No.11 姉
1990年5月
約束をした次の日、大介に連れられて家まで来ていた。
「覚えとけよ。あの赤いアパートの角を右に...」
みたいな感じに道案内をしてくれているが、そんなこと全く頭に入ってこない。周りが懐かしすぎて思わず凝視したりしているような気がして、内心顔に出てないかハラハラしながら家にたどり着いた。
「おじゃましま〜す」
と言いながら大介の部屋に入っていこうとすると、女の人が出てきた。
大介はゲゲッとしたような顔つきだった。
「こんにちは」
女の人が清らかそうな声で言った。懐かしいような顔をしているが全く思い出せない。なんとなく大介と似ているような...
「裕二。早く行くぞ」
と明らかにアセアせしながら大介が言ってくる。飛び込むように部屋に入れられた。
「なんでそんな急いでたんだよ?」
「喧嘩してんだよ...あのクソ姉のプリンを食べただけで...殴って来たんだよ...朝」
「うん。脳内裁判官によると100%お前が悪い。」
「ちげーんだよ。お腹が空いてたし、名前も書いてなかったし、普通に冷蔵庫のど真ん中にあったんだぜ?普通食べるだろ。うん。むしろ食べないほうがおかしい」
「はぁ?よし、お前の倫理がおかしいことはわかった。ってかねーちゃんに勉強教えてもらえばよかったじゃん。なのに、プリンを食べたせいで冷戦だから仕方なく俺に教わったと、」
「正解!ってことで教えてくれよぉ。

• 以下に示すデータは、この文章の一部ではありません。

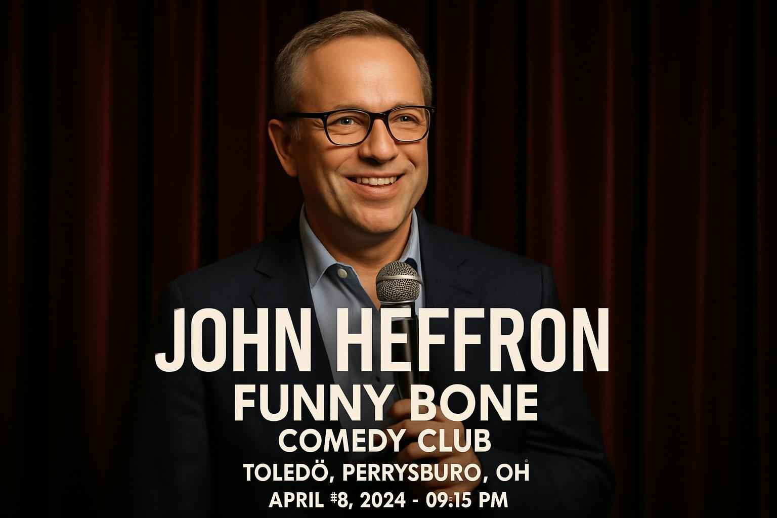 Last-minute tickets for John Heffron at Funny Bone Comedy Club Toledo are available with exclusive promo codes from RSVP Event Agency while supplies last.
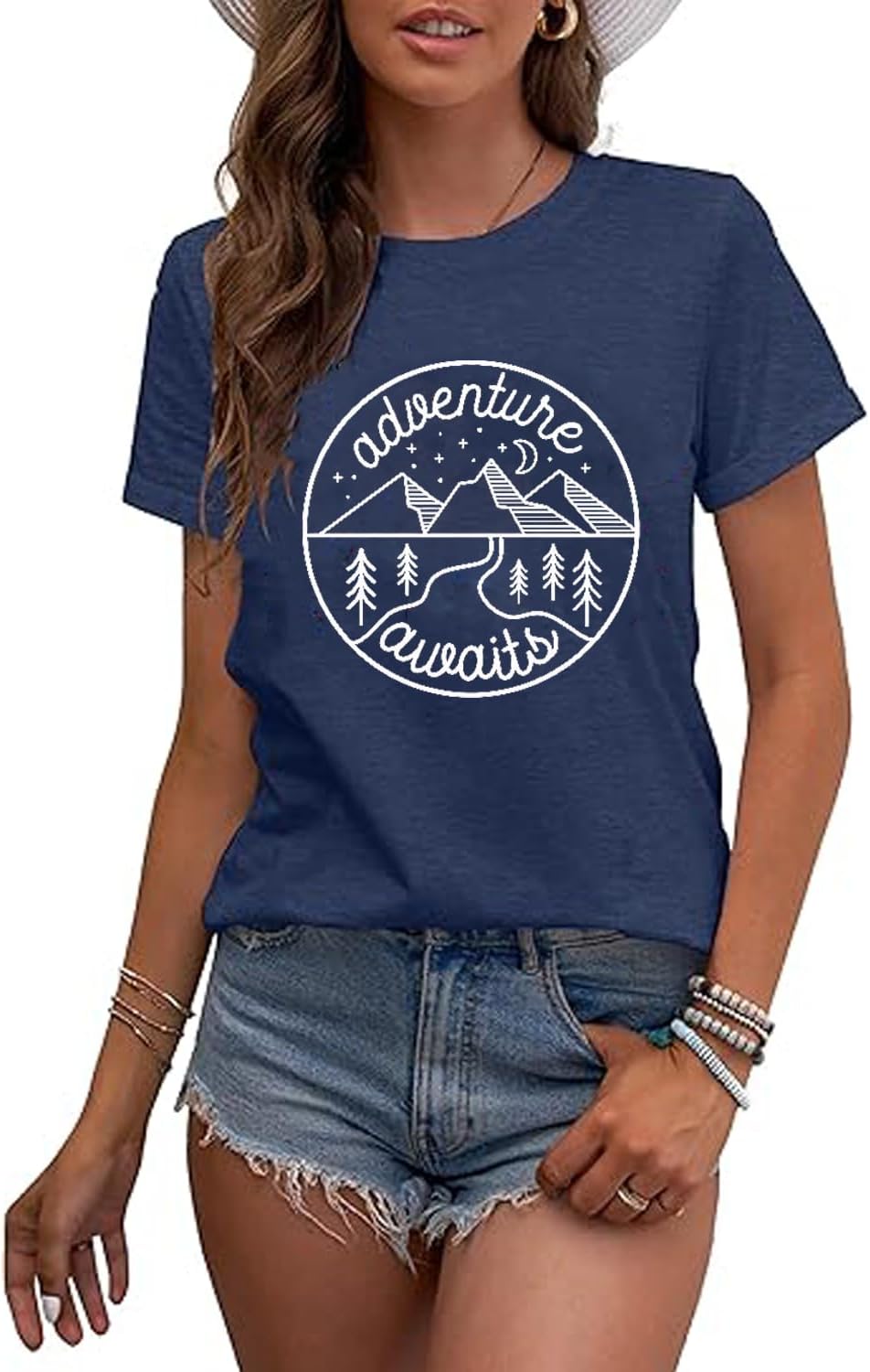 🥾 Women Mountain Shirts and So The Adventure Begins Tshirt Sunshine Moon Nature Pine Graphic Tees Heart Let’s Go Find It Top — Review, Key Features & Current Price

ゆーじー」
って感じの会話をしながら勉強をしていった。
ところで、勉強していているときに地球儀を見て気がついたのだが、北の国にある社会主義国家が崩壊していないのだ。ちょっと驚き。でも史実だとあと1年ぐらいで崩壊するんだよなぁ。なんて思いながら、余裕過ぎて退屈な勉強timeを過ごした。